Traditionally, American Indians used it as a wound treatment for burns. The plant would be burned on the skin, which they believed prevented infection and irritation. They also mixed cactus fruit in a special tea that they believed helped women during labor. It has been used in Mexican folk medicine as a treatment for diabetes, gonorrhea and asthma. The stems of the fruit, called cladodes, have been used to treat high cholesterol, blood pressure, gastrointestinal problems, glaucoma, liver problems and wounds.
It also has been used traditionally in Korean medicine to alleviate indigestion, stomach pain, asthma, type II diabetes and burns. It usually has been administered orally, although topical preparations were used to heal burns. In other countries, such as Sicily, the stems have been used as a diuretic, wound disinfectant, joint paint reliever and treatment for whooping cough.

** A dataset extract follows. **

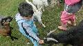 Anschließend setzte sich die Gruppe zum Hühnermobil in Bewegung. Hier leben glückliche Hühner, die ihr eigenes „Wohnmobil“ haben, mit dem sie von einer saftigen Wiese zur anderen gefahren werden. Diese Eier werden besonders gut schmecken. Das erste Mal ein Huhn streicheln war ein Erlebnis. Im Anschluss wurden die Tiere dann größer. Kühe, Schweine und Esel auf der Weide und eine Kuh mit Kälbchen im Stall konnten angeschaut werden. Ziemlich groß ist so eine Kuh und eine raue Zunge hat sie auch. Selbst die Bullen ließen sich von den Kindern die Stirn kraulen, nachdem sie leckeres Futter von ihnen erhalten hatten. Das Melken wurde an einer Holzkuh geübt. Hier war Fingerspitzengefühl erforderlich um „Milch“ zu erhalten. Kuscheliger und ganz hautnah begegneten die Kinder den Kaninchen, Ziegen, Wachteln und Gänsen im Streichelzoo.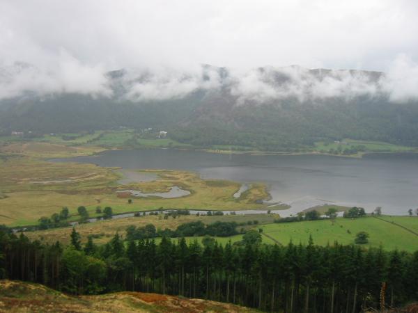 The head of Bassenthwaite Lake with Lord's Seat and Barf in the cloud beyond

Traditionally, cactus fruit's most popular use has been to heal superficial skin wounds or burns.
Cactus fruit has been clinically shown to improve wound healing time. Several studies show the polysaccharides in the fruit promote hypoglycemic activity, which can help type II diabetics manage their blood glucose. Controlling blood glucose is important for diabetics, who are at risk for developing hypoglycemia from uncontrolled diabetes.
The stems of cactus fruit also promote anti-inflammatory activity, because they contain beta-sitosterol, which has been shown to reduce inflammation in mice. The monosacchardies and membrane phospholipids in the fruit also reduce the formation of ulcers. Its flower, fruit and stem portions have been shown to induce diuresis, or increased urine output, in rats.
Its polysaccharide content is responsible for speeding up wound healing time. Some studies show that it enhances the repair and healing of full-thickness wounds. This aligns with its traditional use as a treatment for wounds and burns.